We know that Linux on servers is big and getting bigger. We also knew that Linux, thanks to open-source cloud programs like Eucalyptus and OpenStack, was growing fast on clouds. What he hadn't know that Amazon's Elastic Compute Cloud (EC2), had close to half-a-million servers already running on a Red Hat Linux variant.
Huang Liu, a Research Manager with Accenture Technology Lab with a Ph.D. in Electrical Engineering whose has done extensive work on cloud-computing, analyzed EC2's infrastructure and found that Amazon EC2 is currently made up of 454,400 servers.
While Amazon has never officially said what it's running as EC2's base operating system, it's generally accepted that it's a customized version of Red Hat Enterprise Linux (RHEL). On top of that, for the virtual machines, Amazon uses the Xen hypervisor to host Linux; OpenSolaris; Solaris; Windows 2003 and 2008; and FreeBSD and NetBSD virtual machine instances.
Amazon also doesn't talk about how many servers their popular cloud is made up of, so Huang had to work it out. He explained, "Figuring out EC2's size is not trivial. Part of the reason is that EC2 provides you with virtual machines and it is difficult to know how many virtual machines are active on a physical host. Thus, even if we can determine how many virtual machines are there, we still cannot figure out the number of physical servers. Instead of focusing on how many servers are there, our methodology probes for the number of server racks out there."
Huang continued, "It may sound harder to probe for the number of server racks. Luckily, EC2 uses a regular pattern of IP address assignment, which can be exploited to correlate with server racks. We noticed the pattern by looking at a lot of instances we launched over time and running traceroutes between our instances."
Then "Understanding the pattern allows us to deduce how many racks are there. In particular, if we know a virtual machine at a certain internal IP address (e.g., 10.2.13.243), then we know there is a rack using the /22 address range (e.g., a rack at 10.2.12.x/22). If we take this to the extreme where we know the IP address of at least one virtual machine on each rack, then we can see all racks in EC2."
By itself, though, that's not enough. You could use try to use port-scanning to work ot how many servers there are, but that would violate Amazon's terms of service. So instead, since each Amazon Web Services (AWS) "instance also has an external IP address. … we can leverage DNS translation to figure out the internal IP addresses."

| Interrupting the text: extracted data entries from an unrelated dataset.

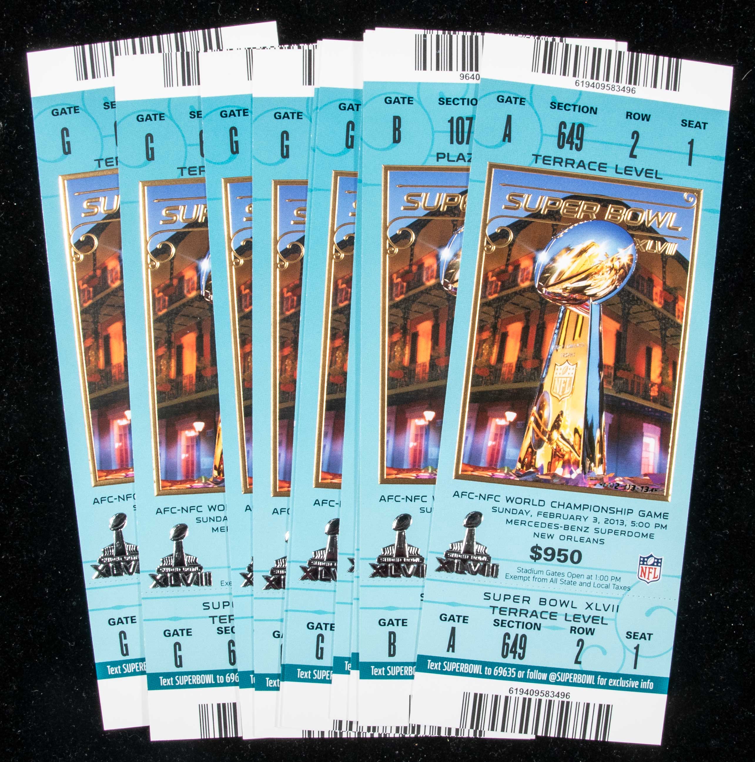 Lot of (10) Super Bowl XLVII full tickets. Includes (10) 2/3/2013 full tickets for Super Bowl XLVII in which the Baltimore Ravens defeated the San Francisco 49ers by a score of 34-31. Most appear to average NM overall. Range: EX/MT-NM/MT
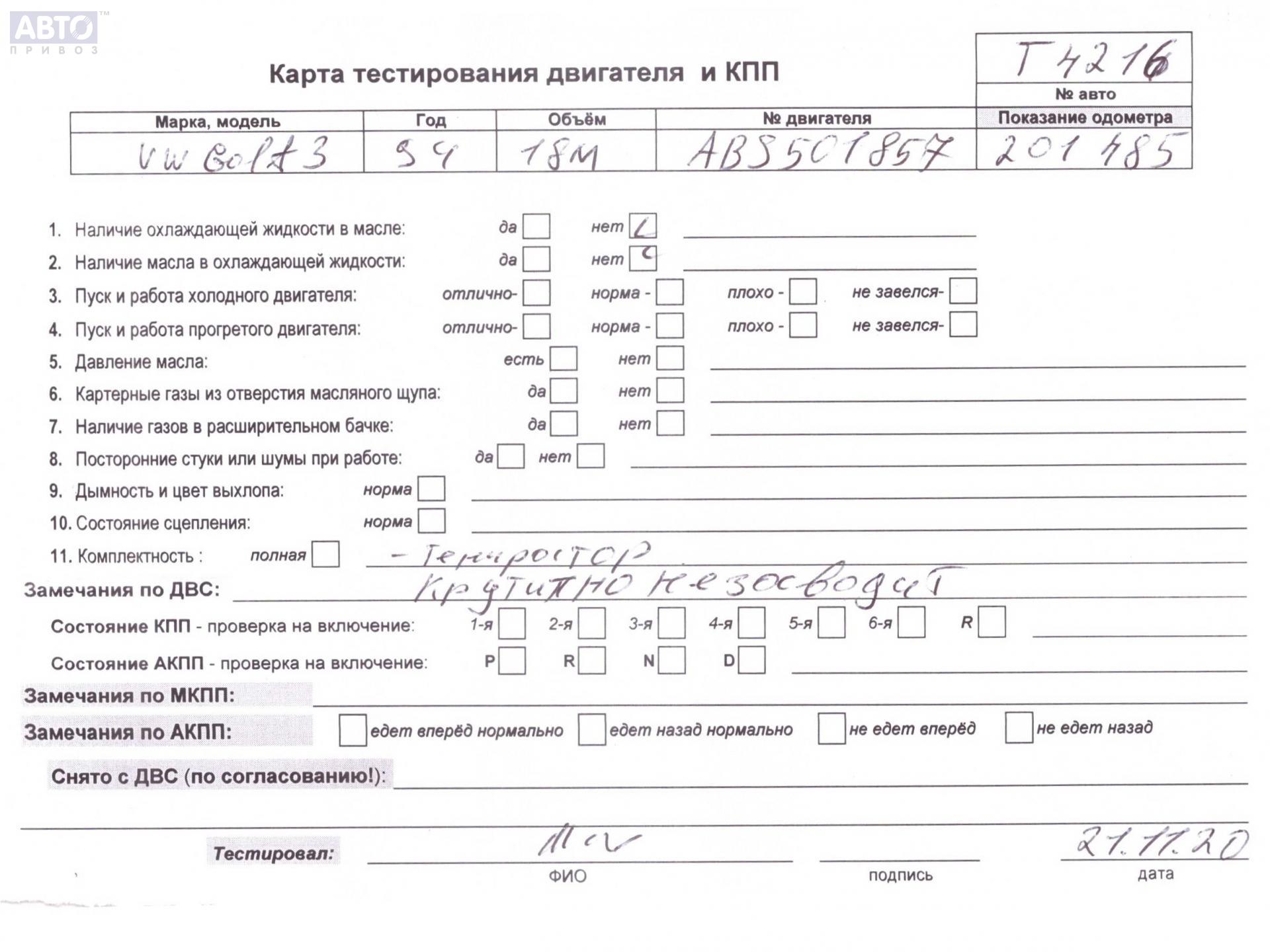 | Марка / Модель / Год: | Volkswagen Golf-3 1995 |
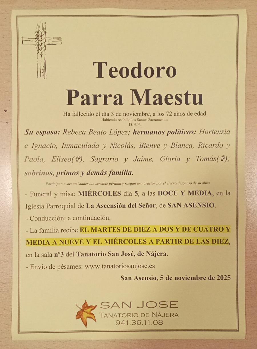 Teodoro Parra Maestu ha fallecido a los 72 años de edad.
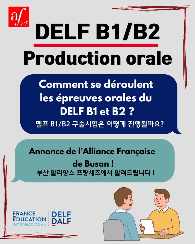 안녕하세요, 부산 알리앙스 프랑세즈입니다 . 오늘은 다가오는 DELF 시험을 준비하시는 분들을 위해 DELF B1 / B2 구술시험에 대해 자세히 소개해드리겠습니다. 두 시험은 공통점도 있지만, 준비 시간과 진행 방식에서 분명한 차이가 있습니다. 지금부터 한눈에 정리해드릴게요! 두 시험 모두 입실 전 랜덤으로 기사 주제 2개를 뽑은 뒤 1개를 선택하게 됩니다. 가장 큰 차이점은 준비 시간과 시험 시간, 그리고 토론의 난이도입니다. B2는 준비 시간도 길고 구술 시험관도 2명이기 때문에, 보다 논리적이고 체계적인 답변이 요구됩니다. 우선 B1 구술 시험에 대해 자세히 소개해드리도록 하겠습니다. DELF B1 구술시험 구성 안내 DELF B1 구....... <img src="https://blogthumb.pstatic.net/MjAyNjAyMjhfNTIg/MDAxNzcyMjQ3NzIzNjA5.iNpXgBfqZ6vOo-Sjlx4Dk8wfVlpCP2h1u3oIudzVkdcg.AVaofxfHWBiL43bQGUokSniFeCQHjEx-KWGV7sM9Ypkg.PNG/Comment_se_d%26eacute%3Broulent_les_%26eacute%3Bpreuves_orales_du_DELF_B1_et_B2__%281%29.png?type=s3" />
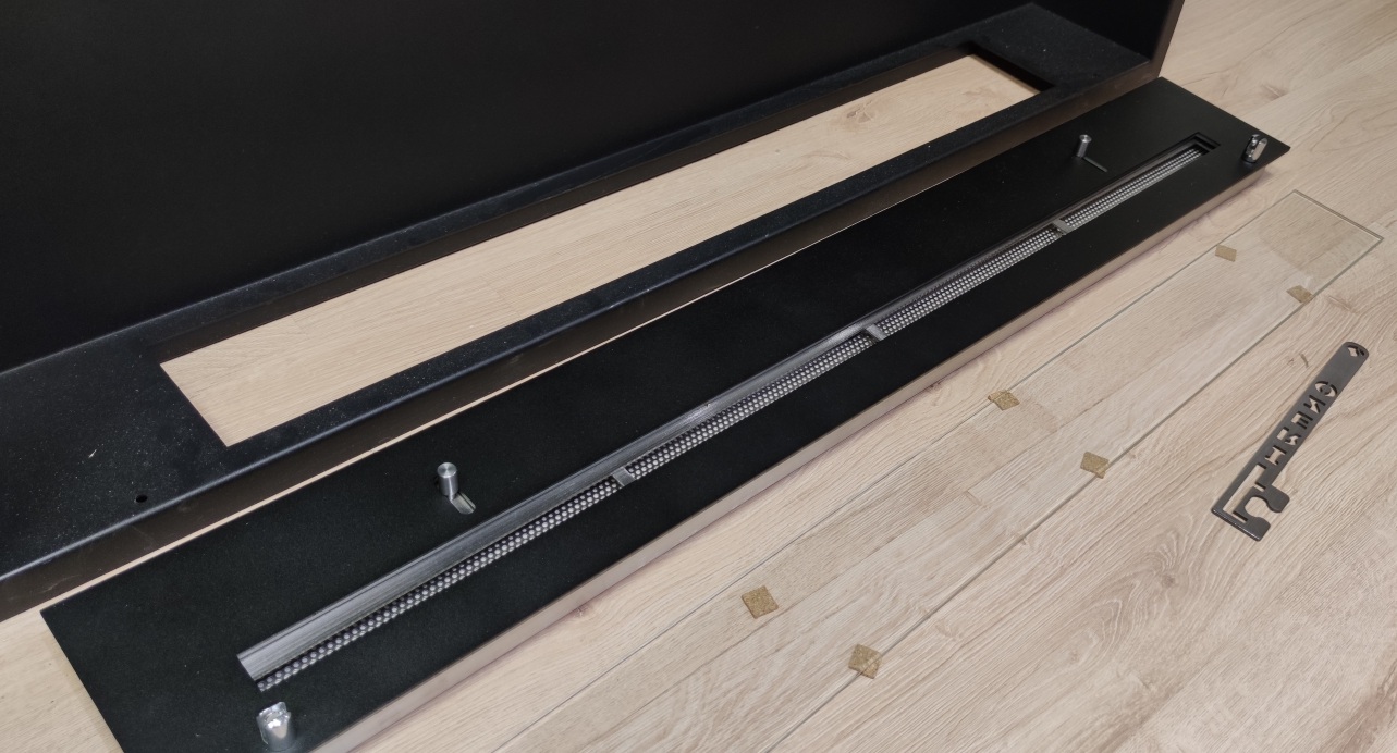 Горелка для биокамина представляет собой продолговатый короб небольшого размера с прорезями для выхода паров биотоплива. Она способствует равномерному распределению огня по всему периметру конструкции. В топливный бак для биокамина,емкостью от 350 мл до 3 л, заправляется топливо. В среднем 400 мл биоэтанола хватает на час работы устройства.
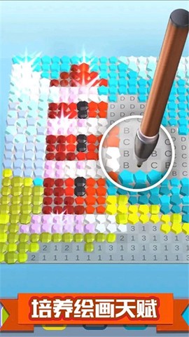 2、在这个像素艺术的世界中,每一个你将要涂色的像素旁边都标有相应的数字,只需按照数字进行涂色即可。

With that data, he was able to work out the number of server racks. With this he then just multiplied by the number of physical servers on the rack. "Unfortunately, we do not know how many physical servers are on each rack, so we have to make assumptions. We assume Amazon has dense racks, each rack has 4 10U chassis, and each chassis holds 16 blades for a total of 64 blades/rack."
So it is that Huang worked out how many servers there are in the EC2 cloud. It's an impressive achievement for him and it's an impressive example of just how important Linux is in both server and clouds.